[pypy-commit] pypy fix-bytearray-complexity: Add some special cases for stringmethods to avoid buffer-overhead
waedt
noreply at buildbot.pypy.org
Mon Jun 2 19:47:16 CEST 2014
Author: Tyler Wade <wayedt at gmail.com>
Branch: fix-bytearray-complexity
Changeset: r71882:7f2b803f1319
Date: 2014-06-02 11:41 -0500
http://bitbucket.org/pypy/pypy/changeset/7f2b803f1319/
Log: Add some special cases for stringmethods to avoid buffer-overhead
diff --git a/pypy/objspace/std/bytearrayobject.py b/pypy/objspace/std/bytearrayobject.py
--- a/pypy/objspace/std/bytearrayobject.py
+++ b/pypy/objspace/std/bytearrayobject.py
@@ -12,6 +12,7 @@
from pypy.objspace.std.sliceobject import W_SliceObject
from pypy.objspace.std.stdtypedef import StdTypeDef
from pypy.objspace.std.stringmethods import StringMethods, _get_buffer
+from pypy.objspace.std.bytesobject import W_BytesObject
from pypy.objspace.std.util import get_positive_index
NON_HEX_MSG = "non-hexadecimal number found in fromhex() arg at position %d"
@@ -43,8 +44,7 @@
return W_BytearrayObject(value)
def _new_from_buffer(self, buffer):
- length = buffer.getlength()
- return W_BytearrayObject([buffer.getitem(i) for i in range(length)])

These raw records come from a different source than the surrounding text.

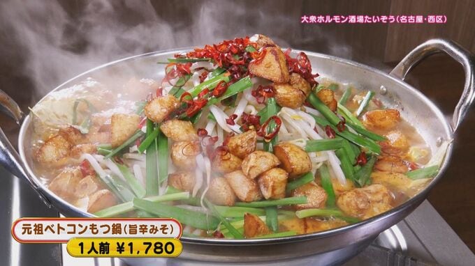 一番人気は、店主が開発した“新たな名古屋名物の鍋”という「元祖ベトコンもつ鍋(旨辛みそ)」(1人前1,780円)。この“食べるとベストコンディションになるもつ鍋”、略して“ベトコンもつ鍋”は、カツオがベースの旨辛スープに、インパクト抜群の揚げニンニクが2人前でなんと約40個も!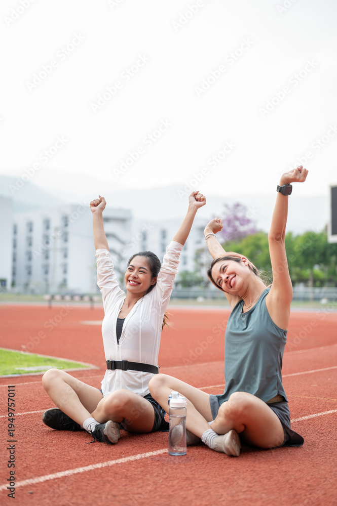 Asian woman and friend raising both hand stretching while sitting on running track in sports stadium
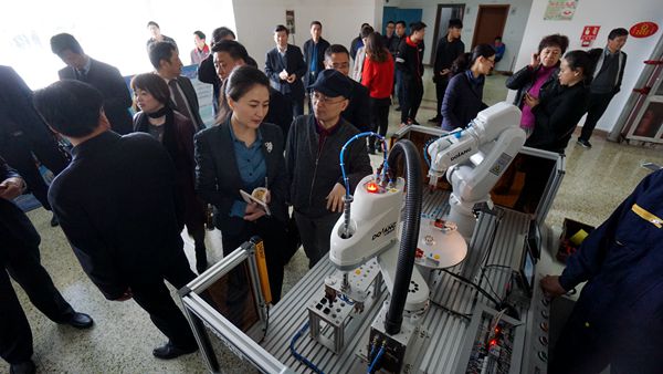 能够操纵处于现代制造技术的高端工业机器人,就必须要学习并掌握工业传感器、柔性生产线、数控维修、PLC自动控制等多项技术,这是对学生机电综合技术和团队协作能力的考验。而机电工程系学生团队可以熟练操纵着机械臂进行的取物、写字、绘画。技能文化节期间,机电系的同学不仅感受到了新机器、新技术的神奇,更让自己的技能找到了用武之地。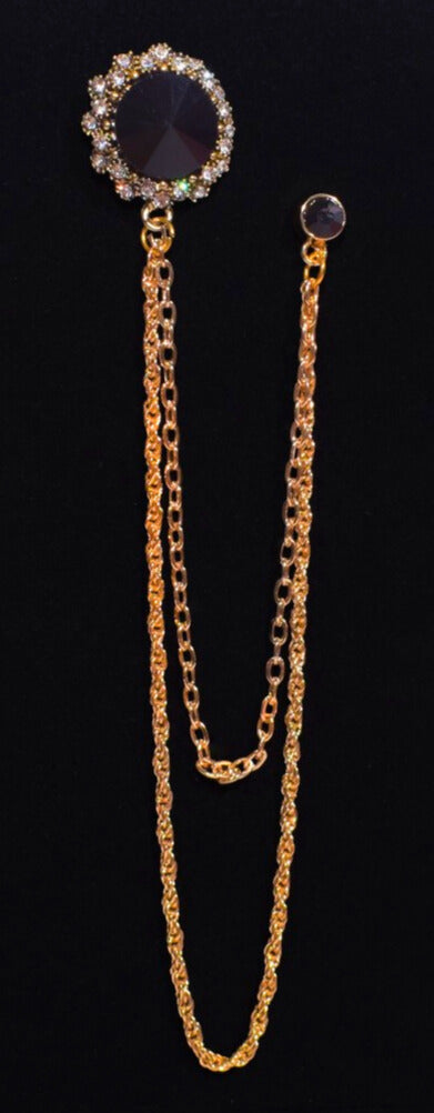 View full detailsLong Chain Round Stone Jeweled Brooch Lapel Pin

+ return W_BytearrayObject([buffer[i] for i in range(len(buffer))])
def _new_from_list(self, value):
return W_BytearrayObject(value)
@@ -313,61 +313,52 @@
min_length = min(len(value), buffer_len)
return space.newbool(_memcmp(value, buffer, min_length) != 0)
+ def _comparison_helper(self, space, w_other):
+ value = self._val(space)
+
+ if isinstance(w_other, W_BytearrayObject):
+ other = w_other.data
+ other_len = len(other)
+ cmp = _memcmp(value, other, min(len(value), len(other)))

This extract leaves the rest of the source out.